Fluchtroute Mittelmeer: Menschlichkeit über Bord
Am 30.07. ist Tag der Seenotretter
Die Seenotrettungsorganisation SOS Humanity ist mit dem Rettungsschiff Humanity 1 im Mittelmeer im Einsatz – getragen von der Zivilgesellschaft.

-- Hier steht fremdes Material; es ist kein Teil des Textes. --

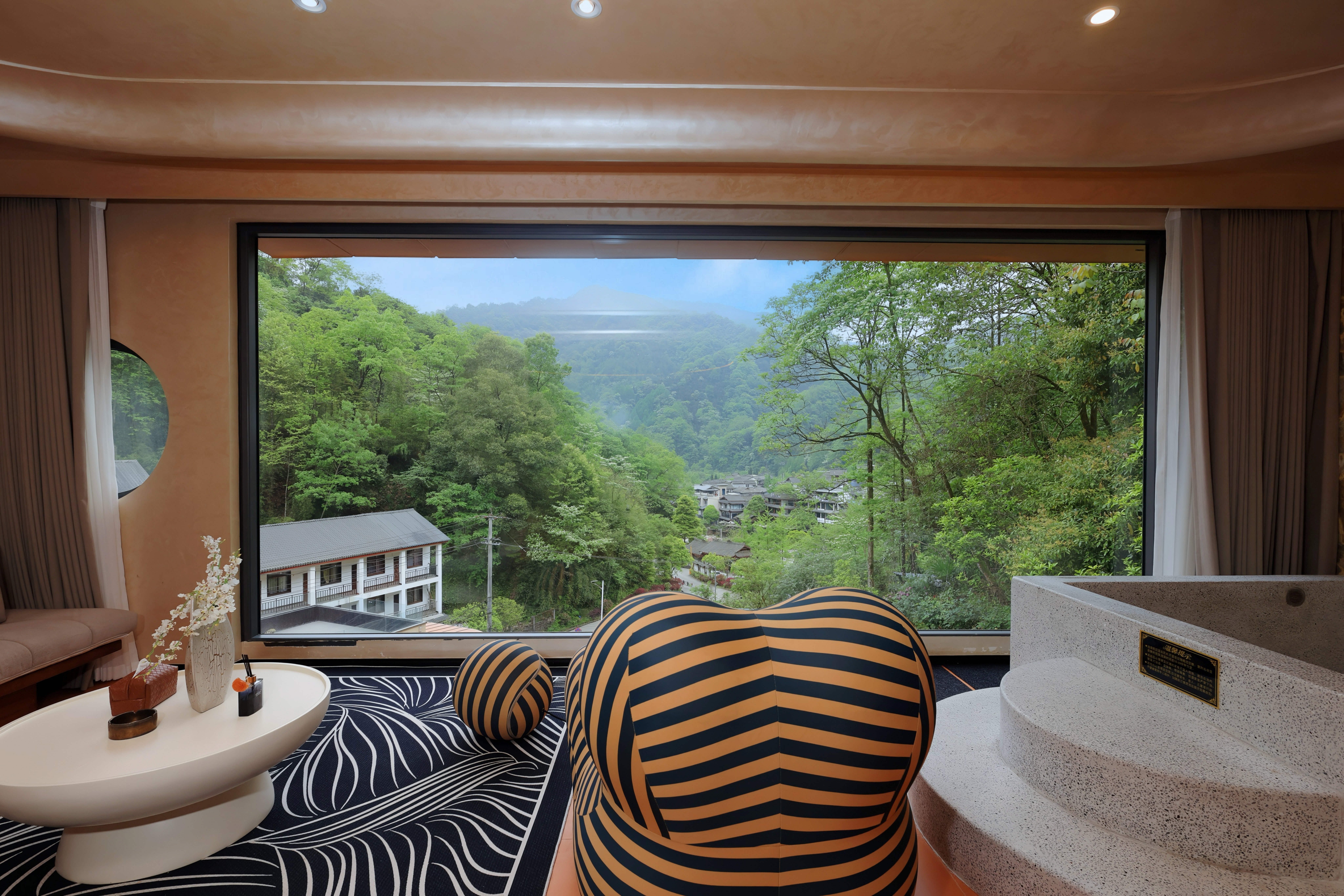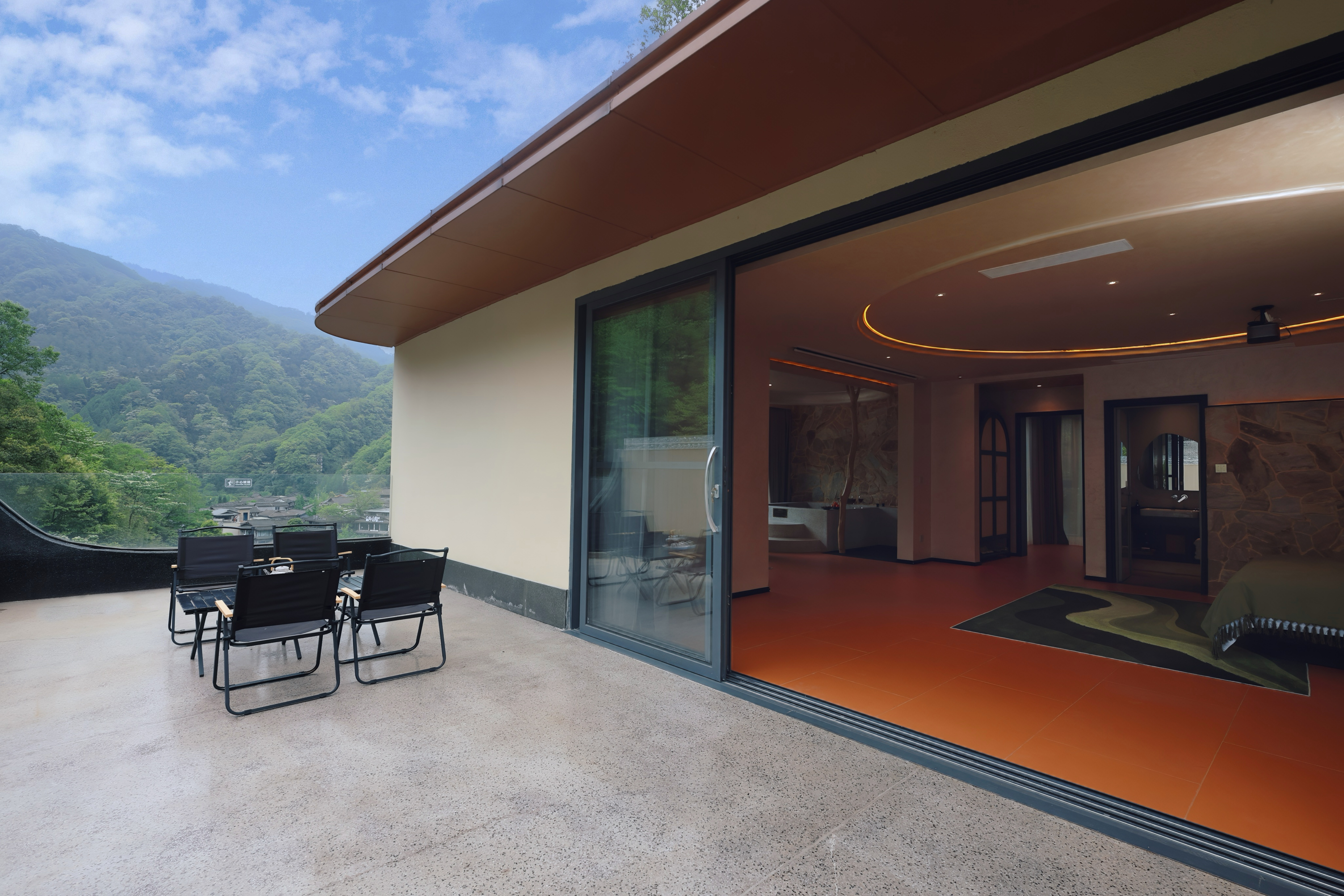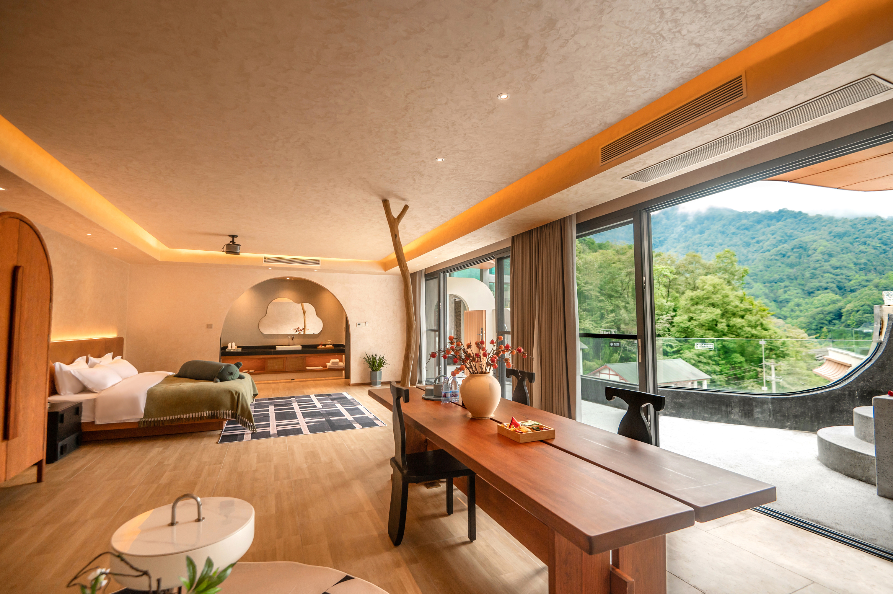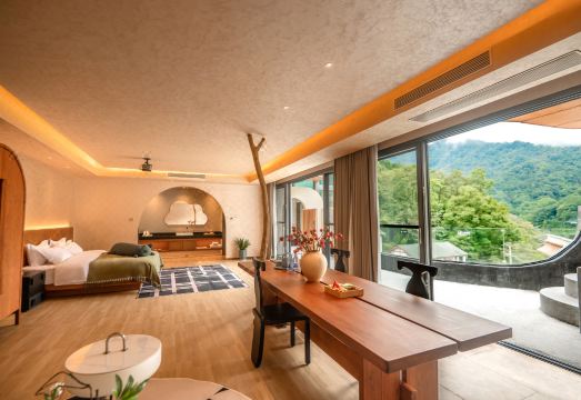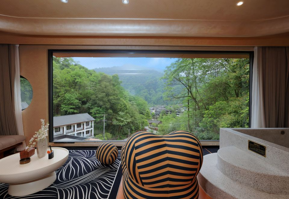 蝉羽·270°观山私汤双床套房(全屋地暖+俯瞰古镇露台)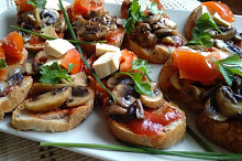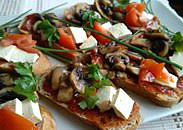 Obložené bagety s restovanými žampiony a rajčatovým pyré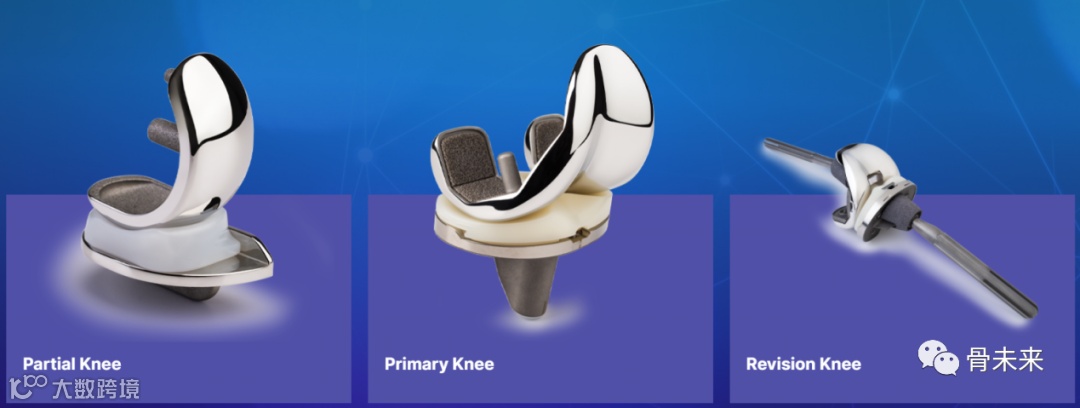 捷迈邦美膝关节植入物分为部分膝关节系统、全膝关节系统、翻修膝关节系统。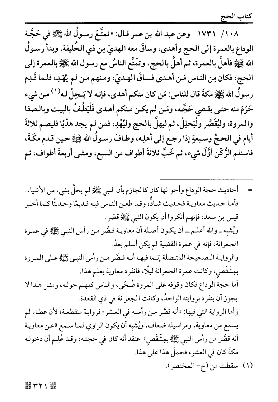 ١٠٨/ ١٧٣١ - وعن عبد الله بن عمر قال: «تمتَّعَ رسولُ الله - صلى الله عليه وسلم - في حَجَّة الوداع بالعمرة إلى الحج وأهدى، وساقَ معه الهديَ مِن ذي الحُليفة، وبدأ رسولُ الله - صلى الله عليه وسلم - فأهلَّ بالعمرة، ثم أهلَّ بالحج، وتَمتَّع الناسُ مع رسول الله - صلى الله عليه وسلم - بالعمرة إلى الحج، فكان مِن الناس مَن أهدى فساقَ الهديَ، ومنهم من لم يُهْدِ، فلما قَدِم رسولُ الله - صلى الله عليه وسلم - مكةَ قال للناس: مَن كان منكم أهدى، فإنه لا يَحِلّ له (¬١) من شيء حَرُمَ منه حتى يقضي حَجَّه، ومَن لم يكن منكم أهدى فَلْيَطُفْ بالبيت وبالصفا والمروة، وليُقَصِّر ولْيَحلِلْ، ثم ليهلَّ بالحج وليُهْدِ، فمن لم يجد هدْيًا فليصم ثلاثةَ أيام في الحجِّ وسبعةٍ إذا رجع إلى أهلِه، وطافَ رسولُ الله - صلى الله عليه وسلم - حين قدم مكَةَ، فاستلم الرُّكْن أوَّلَ شيء، ثم خَبَّ ثلاثةَ أطواف من السبع، ومشى أربعةَ أطواف، ثم
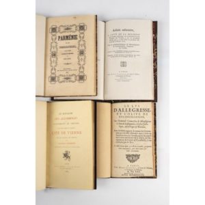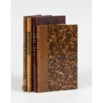 DIVERS. - VIZILLE (Monseigneur le connestable, Seigneur de). Advis salutaire à ceux de la religion prétendue réformée sur la bénédiction du temple de Vizille & de la première messe qui y a esté dicte le premier dimanche d'aoust 1622. Paris, Jouaust, 1873. In-8, demi-maroquin brun à coins, dos à nerfs orné, non rogné, couv. cons. (Rel. du XIXe s.). Réimpression de l'édition de Paris, Denys Langlois, 1622. Deuxième ouvrage de la collection "Pièces rares et curieuses relatives à l'histoire du Dauphiné publiées sur les originaux avec des éclaircissements et des notes, par trois bibliophiles dauphinois". Tirage à 50 exemplaires. Un des deux exemplaires de tête sur Chine. Ex-libris Bibliothèque Mr Roman. On joint : - LE LYS d'allégresse et l'olive de réconciliation sur l'heureuse conversion de Monseigneur le Duc de Lesdiguières, À la fois catholique, apostolique et romaine. Paris, Denys Langlois, 1622. In-12, demi-maroquin brun, dos à nerfs (Rel. du XIXe s.) Rare opuscule. - CHAMPIER (Symphorien). Du royaume des Allobroges avec l'Antiquité et origine de la très noble et ancienne cité de Vienne sur le fleuve du Rhosne. Lyon, Henri Georg, 1884. In-12, demi-maroquin bordeaux à coins, dos à nerfs, tête dorée, couv. cons. (L. Magnin). - CLERC-JACQUIER. Parménie et vicissitudes. 633-1850. Grenoble, Maisonville, 1854. In-12, demi-veau fauve, couv. cons. (Rel. ép.). Expert : Ségolène Beauchamp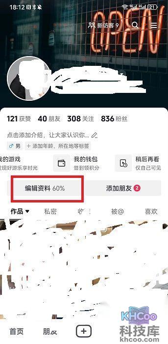 2、然后在个人主页中可以看到会有一个【编辑资料】的按钮,点击即可进入到编辑信息资料页面;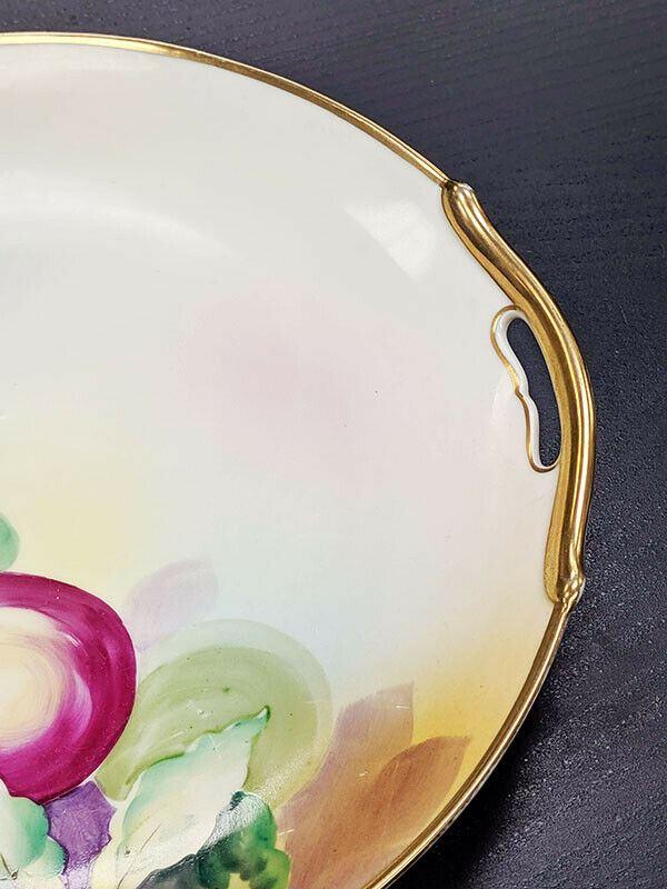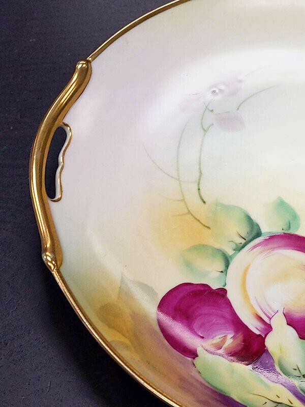 Beautiful Hand Painted Nippon Cake Plate - Gold Rim, Red Fruit & Leaves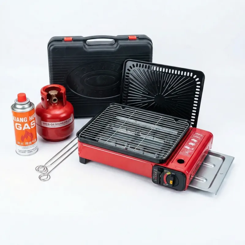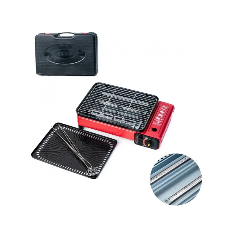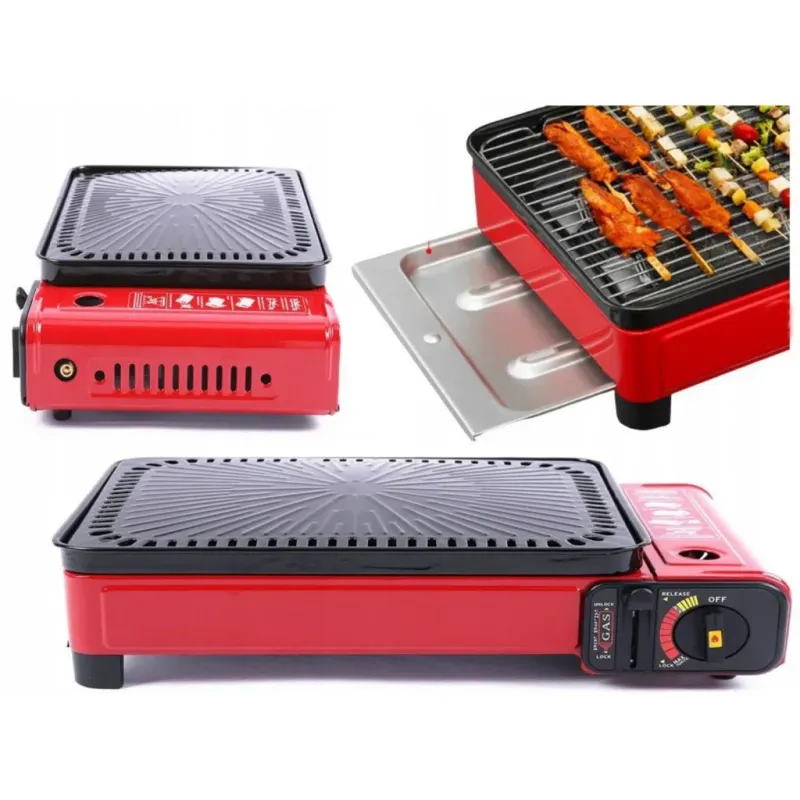 Влаштуйте справжнє барбекю-паті де завгодно за лічені хвилини з новим портативним газовим грилем 2-в-1. Забудьте про брудне вугілля, довгий розпал та їдкий дим. Ця компактна червона плита-гриль дозволяє смажити м'ясо, рибу, овочі та ковбаски з тією ж легкістю, що й на домашній кухні, але з неповторною атмосферою пікніка. Головна особливість моделі — універсальність підключення ("2-в-1"). Гриль оснащений спеціальним перехідником, що дозволяє використовувати його як від компактних цангових картриджів (вставляються в корпус), так і від великих побутових балонів через шланг. Це робить його ідеальним вибором як для піших походів, так і для тривалого кемпінгу чи дачі. Конструкція гриля продумана до дрібниць: U-подібний пальник забезпечує рівномірний прогрів всієї решітки, а спеціальний висувний піддон збирає зайвий жир та соки, роблячи страви кориснішими та полегшуючи миття приладу. У комплекті йде міцний пластиковий кейс для зручного транспортування та зберігання. Характеристики: Тип: Портативний газовий гриль Паливо: Газ (цанговий балон / зовнішній балон LPG) Потужність: ~2.3 кВт Розпал: П'єзопідпал Особливості: Піддон для жиру, U-подібний пальник Комплектація: Гриль, решітка, шампури, кейс Колір: Червоний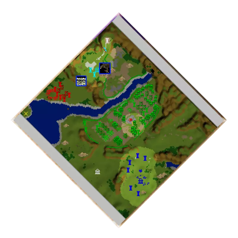 还剩下需要拯救的最后一批工人,我们向北方派出卡牌部队,将他们也解救出来。之后,我们就可以招募军队进攻地图中心。建议在四座【镜塔】之间集结军队,具体位置在敌人防御工事的西北入口处,我们将通过这里发动突袭。一定要在【商人公会】提升资源收集等级。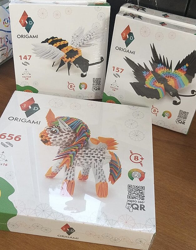 Das Origami ist die Kunst des Papierfaltens. Ausgehend von einem zumeist quadratischen Blatt Papier entstehen durch Falten zwei- oder dreidimensionale Objekte wie Tiere, Papierflieger, Gegenstände und geometrische Körper.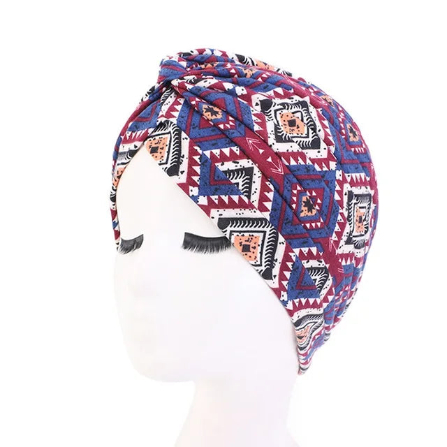 Hot Sale Ethnic Style Lady Turban Hat Print Indian Cap High Quality Muslim Sleep Bonnet For Women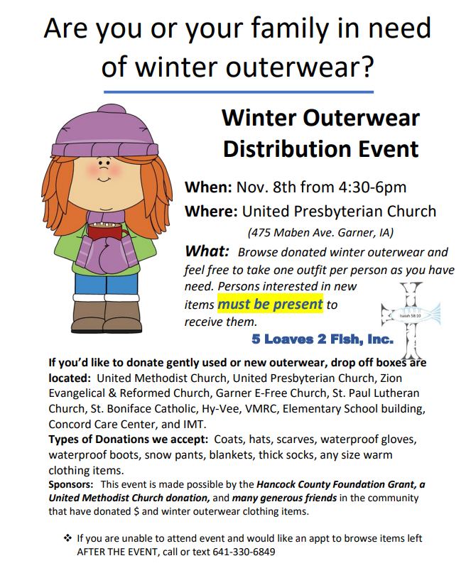This winter will – like all Iowa winters – be cold. This winter clothing/outerwear drive will be a blessing to local kids and families to get through the bitter temperatures. Zion is partnering with 5 Loaves for their outerwear drive.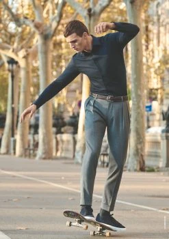OLYMP No. Six Camicia Olymp In Jersey Blu Scuro Super Slim Fit

Das zentrale Mittelmeer ist die tödlichste Fluchtroute der Welt. Im ersten Halbjahr 2023 sind hier bereits über 1.800 Menschen bei dem Versuch, nach Europa zu gelangen, ertrunken. Die Männer, Frauen und Kinder auf den seeuntauglichen, deutlich überbesetzten Booten verschwinden häufig unbeobachtet in den Wellen – die Dunkelziffer ist somit deutlich höher. Wer die riskante Überfahrt über das zentrale Mittelmeer aus Libyen wagt, ist meistens vor Krieg, Verfolgung, Hunger oder Perspektivlosigkeit geflohen. Seit Monaten fliehen verstärkt Migrantinnen und Migranten vor gewaltsamen Übergriffen aus Tunesien, in dünnen Metallbooten und ohne Rettungswesten sind auch sie in Seenot.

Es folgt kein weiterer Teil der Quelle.